Segreti di famiglia in scena al Teatro de’ Servi a Roma

Si riaccende il dibattito sulla libertà della persona sul fine della propria vita

É in scena in questi giorni al Teatro de’ Servi a Roma, Segreti di famiglia, scritto da Enrico Luttmann, con Viviana Toniolo e Stefano Messina per la regia Marco Maria Casazza.

È giusto nascondere al proprio figlio la verità sul padre solo per non allontanarlo da sé? E non dire nulla a proposito di una malattia terminale per non farlo soffrire? E decidere di morire nel momento in cui lo si vuole e non quando il “Padreterno” ha detto ?

Quanti interrogativi esistenziali in quest’opera dai toni tragicomici. La vicenda di per sé è triste, ma la bravissima Viviana Toniolo, nei panni di Grazia, smorza anche le scene da lacrimuccia sul viso con la sua ironia e la sua arguzia. Un’interpretazione eccellente per una messinscena a due, lei e il figlio Adamo (Stefano Messina), che abilmente narra anche la vicenda quando calano le luci. E tra un sorriso dolce amaro e l’altro, i segreti di famiglia vengono a galla, soprattutto quelli di Grazia. Lei ha una scatola di lettere nascosta in cantina, un tubino nero alla Audrey Hepburn mai indossato, e l’ultimo, il più grande: ha un tumore ai polmoni. Adamo, commediografo in crisi, va a trovarla e sono subito scintille. Anche lui ha i suoi segreti.

Grazia ha un caratteraccio, un senso dello humour caustico e vuole fare le cose a modo suo. Ma forse è proprio questa testardaggine che le dà la forza e il coraggio di lottare fino alla fine e di decidere da sola cosa fare della sua vita quando la situazione diventa “grave, ma non disperata”. E il poco tempo che le rimane da vivere le permetterà di recuperare il rapporto con il figlio, di riconciliarsi con l’ex marito e di placare i vecchi rancori con il mondo. Una donna tutta d’un pezzo, che ci fa riflettere sul libero arbitrio, che riaccende il dibattito sull’eutanasia.
E ci fa pensare anche alle questioni familiari, a quanto spesso ci illudiamo di conoscere le persone a noi care e vicine e invece le ignoriamo. Trascuriamo il loro mondo interiore, i desideri più intimi, le grida che rimangono implose nel cuore.

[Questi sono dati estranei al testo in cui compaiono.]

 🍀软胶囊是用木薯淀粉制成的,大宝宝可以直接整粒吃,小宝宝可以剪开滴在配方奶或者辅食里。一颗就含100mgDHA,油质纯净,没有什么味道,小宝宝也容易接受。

In fondo è una commedia, perché ogni cosa si risolve con un sorriso.

I dialoghi sono costruiti ad opera d’arte, lei burbera, lui che non vorrebbe soccombere. Il gioco a due è difficile, ma gli attori tengono bene la scena.

A far da sfondo, la differenza tra soap opera e telenovela, che a lei proprio non entra in testa se non alla fine.

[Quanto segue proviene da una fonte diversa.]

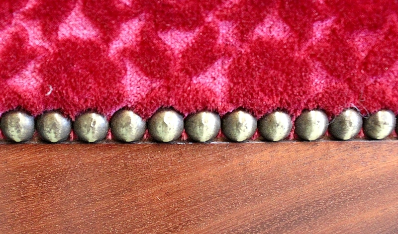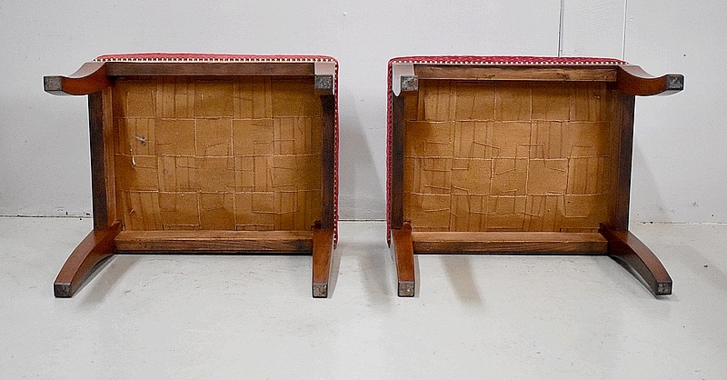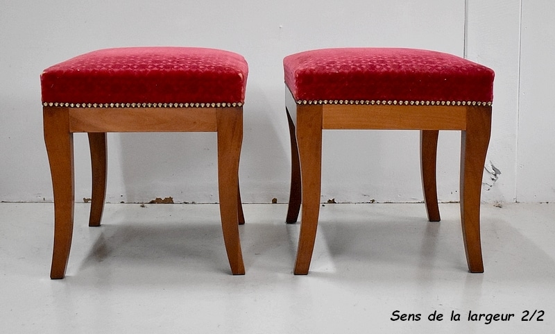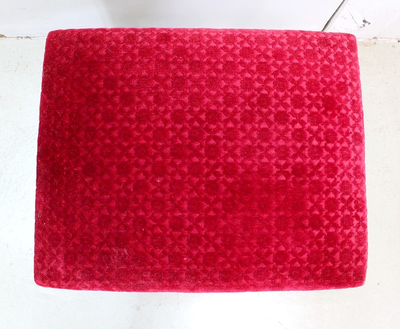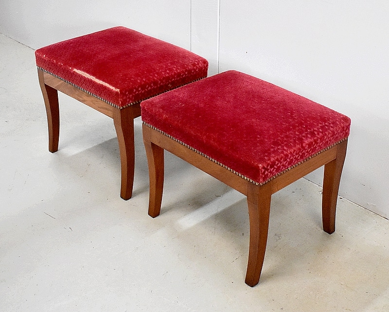 Les assises sont recouvertes d’un Tissu en Velours Rouge Frappé. Ces Tabourets, Confortable et Fermes, ont bénéficié d’une confection Qualitative et Traditionnelle avec Ressorts, Sangles et Crin Animal.

Ottima la scenografia e il gioco delle luci, rappresentativo dell’alternarsi del buio e del giorno nella vita quotidiana.

A seguire, nella replica di sabato c’è stato il dibattito: “Persona e dignità – la vita e i suoi confini. Consapevolezza e libertà di scelta”, con la partecipazione di Mina Welby, copresidentessa dell’Associazione Luca Coscioni, Enrico Luttmann, autore dello spettacolo, Marco Maria Casazza, regista di Segreti di famiglia; Francesca Muoio  e Davide Paciolla, rispettivamente autrice/regista e aiutoregista di Il Paese di chi se ne va.  A moderare l’incontro Francesca Alliata Bronner, giornalista de La Repubblica e blogger culturale di Huffington Post Italia.